Il presidente Ahmadi-Nejad, insieme al consuocero, ha tentato, durante i due mandati di governo (2005-2013), di colpire politicamente il fronte conservatore vicino alla Guida suprema. Un esempio eclatante è stata la rimozione di importanti ministri vicini a Khamenei, quali l'ex ministro degli Esteri Manuchehr Mottaki e l'ex ministro dell'Intelligence l'hojjatoleslam Mohseni Ejei. Si pensi inoltre al tentativo di licenziamento nel 2011 dell'hojjatoeslam Heidar Moslehi, ministro dell'Intelligence, bloccato da Khamenei. L’asse Ahmadinejad-Mashai è supportato da una parte importante della nuova finanza iraniana e della nuova generazione dei pasdaran; gode inoltre del sostegno dei centri rurali e delle classi disagiate. Proprio questa base solida gli ha permesso di sfidare sempre di più negli ultimi anni l'ayatollah Khamenei.

Mashai è una personalità di rilievo nel complesso scacchiere politico iraniano e, nel caso dovesse effettivamente candidarsi, potrebbe causare non pochi problemi agli ayatollah e ai pasdaran. Tornando al quesito posto in precedenza, potrebbe essere proprio il timore di essere travolto da Mashai a costringere Khamenei ad allearsi nuovamente con Rafsanjani. Si tratterebbe in questo caso di creare uno scudo protettivo da parte dell’intera vecchia generazione della Repubblica Islamica, composta in buona parte dal clero sciita, al fine di fermare la scalata al potere della seconda generazione più vicina ai pasdaran e di matrice nazionalista e laica. Non a caso si sono mobilitati molti grandi ayatollah sciiti, i quali, notando la difficoltà in cui oggi si trova Khamenei contro Ahmadi-Nejad, hanno chiesto a Rafsanjani di scendere in campo per salvare l’establishment clericale dall’eventuale presa di potere del fronte presidenziale.

Considerando lo scontro politico in corso, le prossime elezioni presidenziali rappresentano un momento cruciale per il futuro dell'Iran. Saranno i filo-conservatori a vincere oppure riuscirà a imporsi Ahmadi-Nejad, spalleggiando la controversa figura del consuocero? Quale sarà il ruolo di Rafsanjani?

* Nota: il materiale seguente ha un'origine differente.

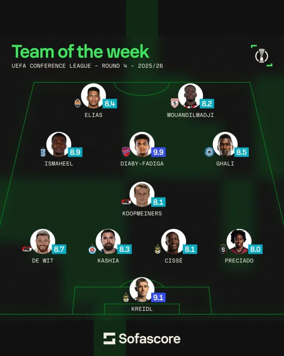 Аналітики авторитетного порталу Sofascore за підсумками поєдинків четвертого туру основного етапу Ліги конференцій сформували символічну команду тижня.
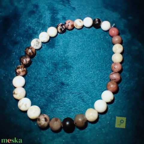 Ásványgyöngy karkötő gumis zsinórral - magnezit, rodonit gyöngyökkel
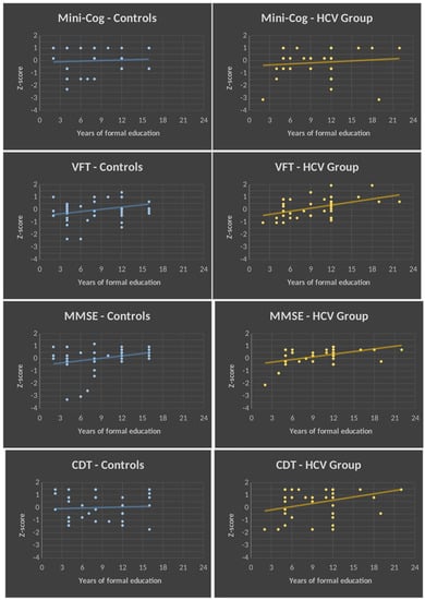 Among the factors that interfere with cognitive performance, the number of years of formal education deserves particular emphasis. Several cognitive tests, such as the Mini Mental State Examination (MMSE) and verbal fluency tests (VFTs), are strongly associated with years of formal education. Indeed, the vocabulary and arithmetic skills present in some neuropsychological tests depend heavily on formal education. One way to circumvent this problem and reduce variability is the use of norms based on years of formal education. However, research has shown that years of education may overpredict estimated reading and mathematical levels in Latin Americans []. In Brazil, the association between years and quality of education depends on demographic variables such as location of schooling, place of birth, and parental literacy []. Moreover, it is expected that more than 50% of Brazilians read at least 3 or more years below their educational level [,]. Therefore, the use of Brazilian norms based on years of formal educational is controversial. To circumvent these limitations, the participants of the control group of this study were attending the same hospital where all of the HCV carriers were selected.
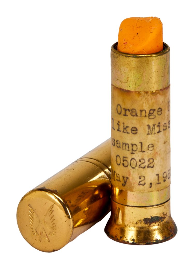 在眾多的拍賣品中,一條來自伊麗莎白雅頓(Elizabeth Arden)的口紅,引起許多人的注意,金色調外包裝外殼,加上打字標籤寫著「Orange Pink like Miss I./ sample 05022/ May 2,1960」 字樣,原來這條口紅是瑪麗蓮夢露生前最愛的顏色,以霧面粉橘調性呈現的色彩,勾勒出瑪麗蓮夢露豐厚迷人的唇形。
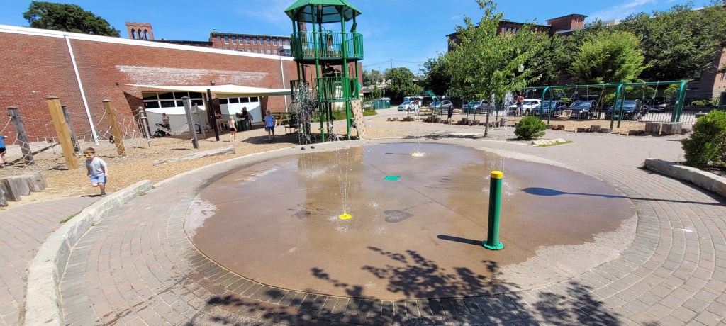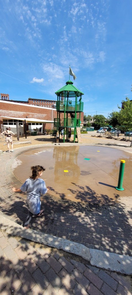 Around the parking lot is the river walk and having not walked it I can’t say how long it is but I know it circles around and it’s nice too look at. Across from the parking lot is a huge field with a few picnic tables scattered. Bring a ball and your kids can run, get sweaty, burn energy, hop in the splash pad and return to the field or playground to do it all again.
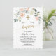 Convite Flores brancas cor-de-rosa, Dourado batismo cruzad
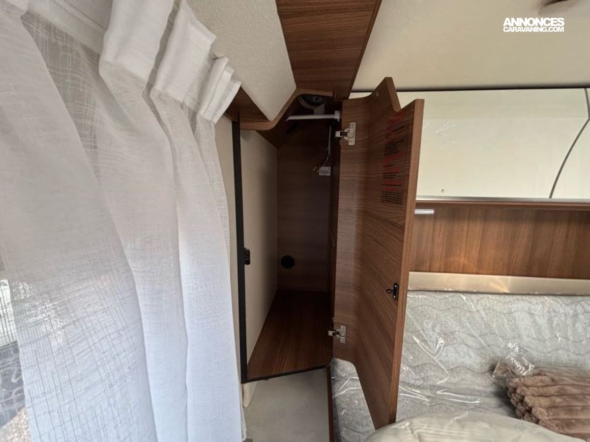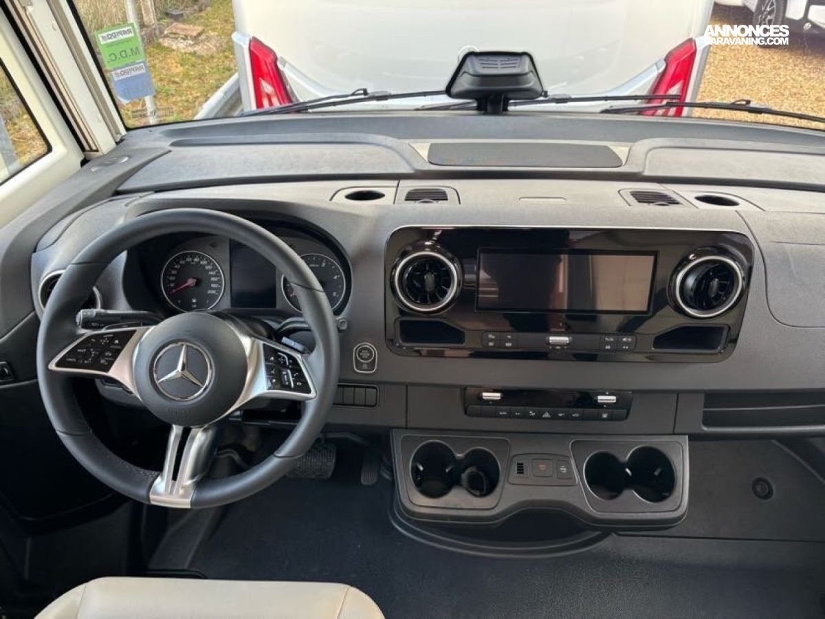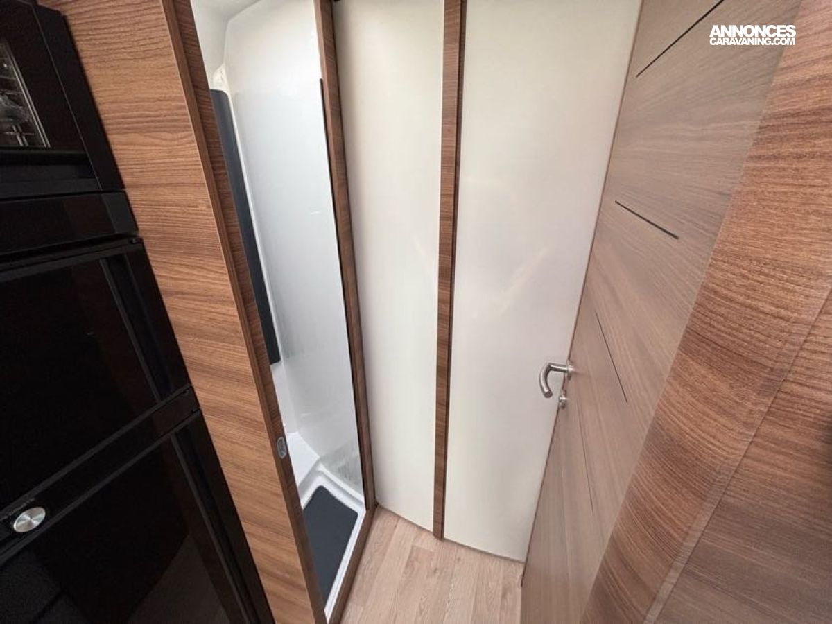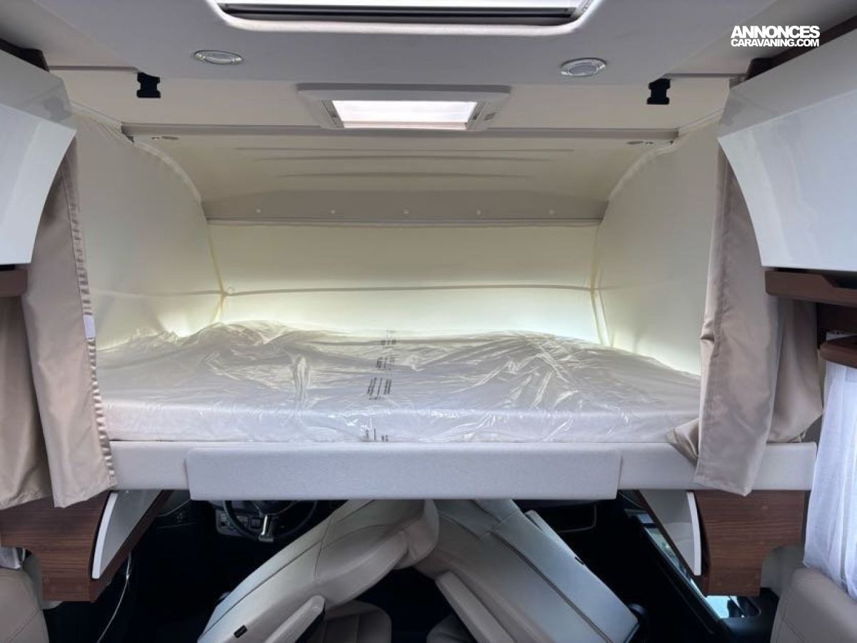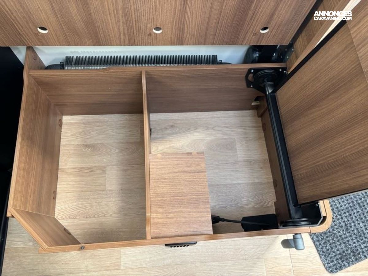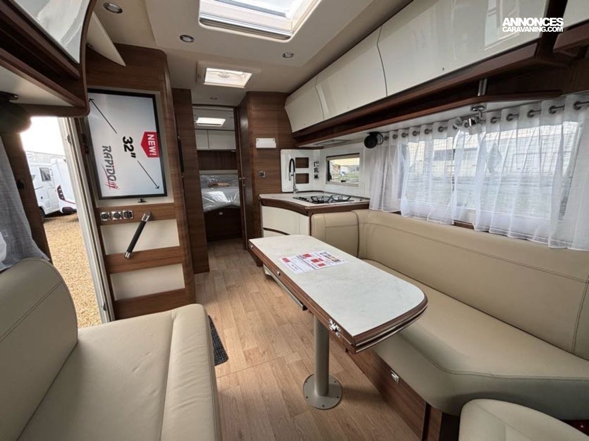 Cuisine en L, Douche indépendante, Grande soute, Lit central, lit pavillon cabine, Maxi salon, Salon avant banquettes face à face, Salon avant sièges pivotants, WC Cassette.

Molto dipenderà dalle mosse strategiche dei vari schieramenti nei prossimi giorni. Bisognerà però attendere il 22 maggio per vedere se il Consiglio dei Guardiani concederà a Mashai l'idoneità necessaria per presentarsi nella rosa ufficiale dei candidati finali.


Se questi dovesse entrarvi, allora assisteremo a un vero braccio di ferro tra il fronte presidenziale, quello dei conservatori e quello di Rafsanjani (ovviamente se anche costui riuscisse a superare la preselezione).

Nel caso in cui però Mashai non riuscisse a superare la preselezione, bisognerà attendere e osservare le eventuali reazioni del suo sponsor, il presidente Ahmadi-Nejad, il quale ha già avvertito i conservatori che in tal caso potrebbe far scoppiare scandali politici, diffondendo segreti di Stato relativi alla corruzione di uomini di primo piano della Repubblica Islamica e particolarmente vicini alla Guida Suprema.